• **What you are asked to do**: For this exercise, write out the full listing that follows exactly and skip its pictures.

• **Dataset content**:
* * * * *

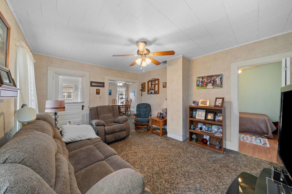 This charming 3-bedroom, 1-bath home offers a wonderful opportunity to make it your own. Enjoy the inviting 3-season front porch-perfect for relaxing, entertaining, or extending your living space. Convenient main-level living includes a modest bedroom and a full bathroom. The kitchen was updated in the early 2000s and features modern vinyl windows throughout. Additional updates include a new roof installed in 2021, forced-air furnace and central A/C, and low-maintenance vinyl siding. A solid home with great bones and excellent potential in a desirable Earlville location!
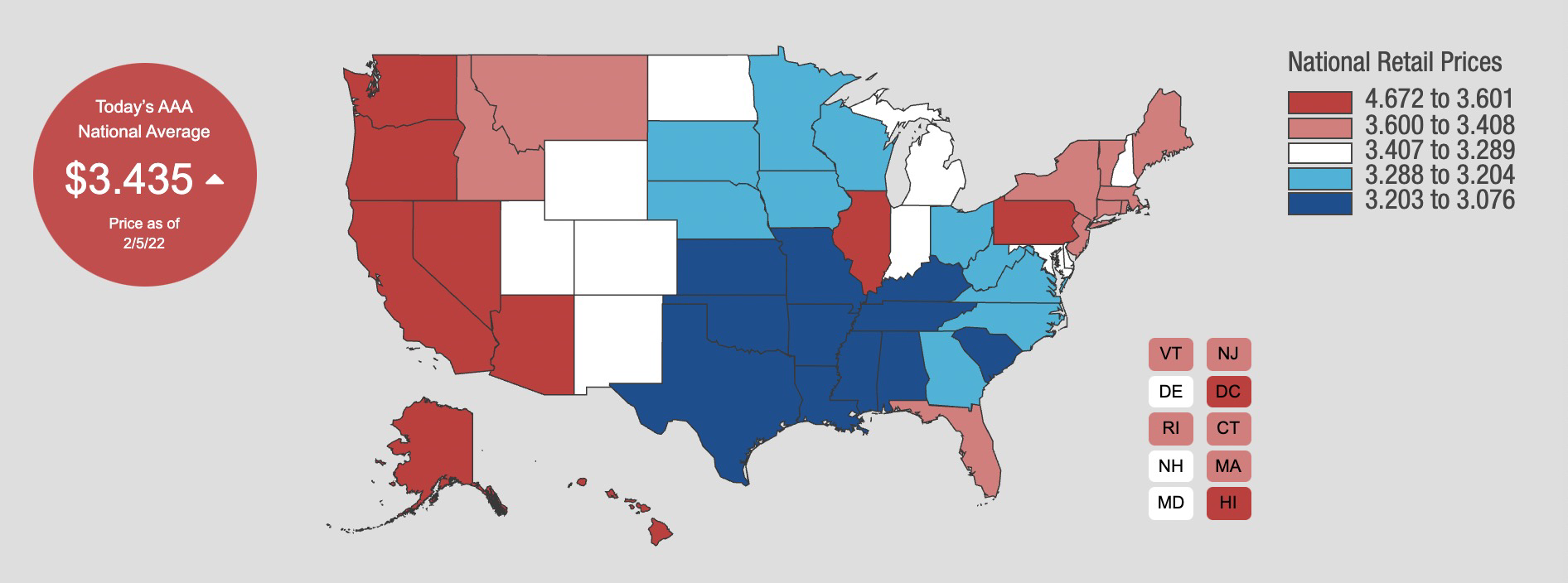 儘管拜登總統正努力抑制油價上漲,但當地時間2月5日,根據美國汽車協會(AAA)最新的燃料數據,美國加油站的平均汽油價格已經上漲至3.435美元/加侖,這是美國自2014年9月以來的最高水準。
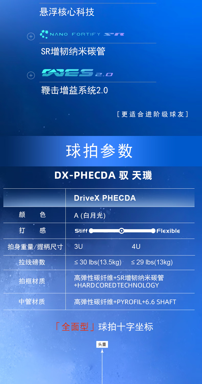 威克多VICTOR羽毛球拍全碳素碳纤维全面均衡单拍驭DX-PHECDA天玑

* * * * *

• **Your solution**:
 This charming 3-bedroom, 1-bath home offers a wonderful opportunity to make it your own. Enjoy the inviting 3-season front porch-perfect for relaxing, entertaining, or extending your living space. Convenient main-level living includes a modest bedroom and a full bathroom. The kitchen was updated in the early 2000s and features modern vinyl windows throughout. Additional updates include a new roof installed in 2021, forced-air furnace and central A/C, and low-maintenance vinyl siding. A solid home with great bones and excellent potential in a desirable Earlville location!
 儘管拜登總統正努力抑制油價上漲,但當地時間2月5日,根據美國汽車協會(AAA)最新的燃料數據,美國加油站的平均汽油價格已經上漲至3.435美元/加侖,這是美國自2014年9月以來的最高水準。
 威克多VICTOR羽毛球拍全碳素碳纤维全面均衡单拍驭DX-PHECDA天玑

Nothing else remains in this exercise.